Can you give me an example of one of those 'little stories' you tell along the way?

 

I visited a thrift shop in Staten Island called Remembering Yesteryears that inspired me to paint Other people's things. It’s full of a million little stories. I think of the painting as a group portrait. 

 

I used to think about these ‘stuff’ paintings as being about “we are what we keep.” But in the past year, after experiencing grief, I started thinking about objects in terms of “we are what we leave behind” too.

 

Walking through that thrift store, I’d see a basket of dolls or a pile of old Time magazines and think this was someone’s whole life. I took those real, past lives and then editorialised a little – inserting some of my own things too. I collect Life magazines, so I placed some of mine among the thrift store objects. It became a mixture of documentation and my own storytelling.

 

 

Other people's things, 2025
Oil on linen
203.2 x 304.8 cm. (80 x 120 in.)
 

Would you say you’re ultimately a painter of people? Are objects only there to imply or infer people? 

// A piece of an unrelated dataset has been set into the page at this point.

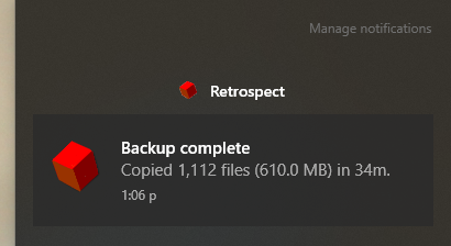 Another toast notification appears, and it describes the quantity and size of the files that were backed up, as well as how long it took.
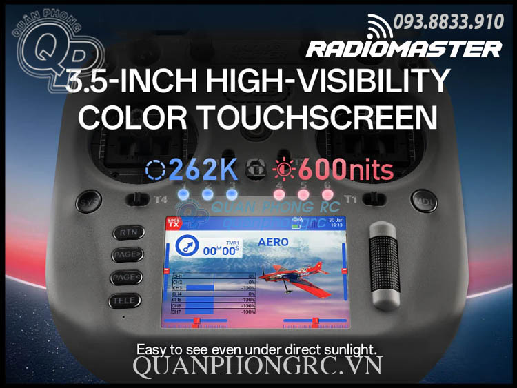 Trải nghiệm hình ảnh rõ nét trên màn hình cảm ứng IPS 3.5 inch, hiển thị 262.000 màu với độ sáng 600 nits, dễ nhìn ngay cả dưới ánh sáng mặt trời. TX15 được trang bị gimbal cảm biến Hall V5.0 với sáu tùy chọn màu sắc nổi bật, cùng hệ thống làm mát tiên tiến, cổng USB-C để sạc, kết nối mô phỏng (SIM), cập nhật firmware và bộ nhớ tốc độ cao, đảm bảo hiệu năng ổn định. Ngoài ra, bạn có thể thay đổi công tắc vai – chọn giữa công tắc nhấn (momentary) hoặc công tắc hai nấc (2-position) tùy theo phong cách điều khiển. Nếu bạn muốn phiên bản cao cấp hơn, hãy xem TX15 MAX.

I’m definitely a portrait painter in the broadest sense. Anything I paint feels like a portrait. Not always of one person – sometimes it’s a group portrait, or even a portrait of a space that holds people, living or gone.

 

Take my gay bar paintings – they’re portraits of people, of course, but also of the space itself, the community it holds, the ghosts of people who’ve been there before. In Retro Bar for example, you see three actual people, but also Bon Jovi, Cyndi Lauper, David Bowie, all appearing on posters behind them. The space itself becomes part of the portrait.

 

 

Retro Bar, 2025
Oil on linen
228.6 x 152.4 cm. (90 x 60 in.)

 

You’ve made a painting called Painter’s chair, which connects directly to Freud.

 

Yes, Painters chair is an homage to a hero. I was very lucky growing up to go to the small art school in my town called Acorn Gallery School of Art. When I was six, I was taught that Freud was God. I grew up revering Freud – I knew who he was before Picasso or Monet. When he died, my art school toasted him with grape juice.

Earlier this year, I had the chance to visit his studio in London, thanks to the gallery, and I cried as soon as I stepped into the space. It felt like meeting a place I’d been told about, that I’d read about, my whole life.

 

Painter’s Chair came out of that experience. It’s not an imitation, but a thank-you to him. I used my own language, in my own way, to acknowledge what I’ve learnt. I wasn’t interested in reproducing his paint splatters exactly, rather, inserting my own. It’s more like a student showing what they’ve absorbed and transforming it through their own language.

 

 

Painter’s chair, 2025
Oil on linen
101.6 x 76.2 cm. (40 x 30 in.)
 

How do you see yourself as different from Freud?

 

Freud treated a face as an object to inspect. He was obsessed with precision – every mole, every wrinkle, exactly where it was. I’m less interested in strict observation and more in invention. If shifting a mole a little to the left makes the light work better for the story, I’ll move it. If Kelley’s hat works better orange than its real colour, I’ll paint it orange. I follow rules, but I bend them for the world I’m trying to depict.

 

I don’t want to be Freud. I want to be me. I’m grateful to him, but invention is central to how I paint.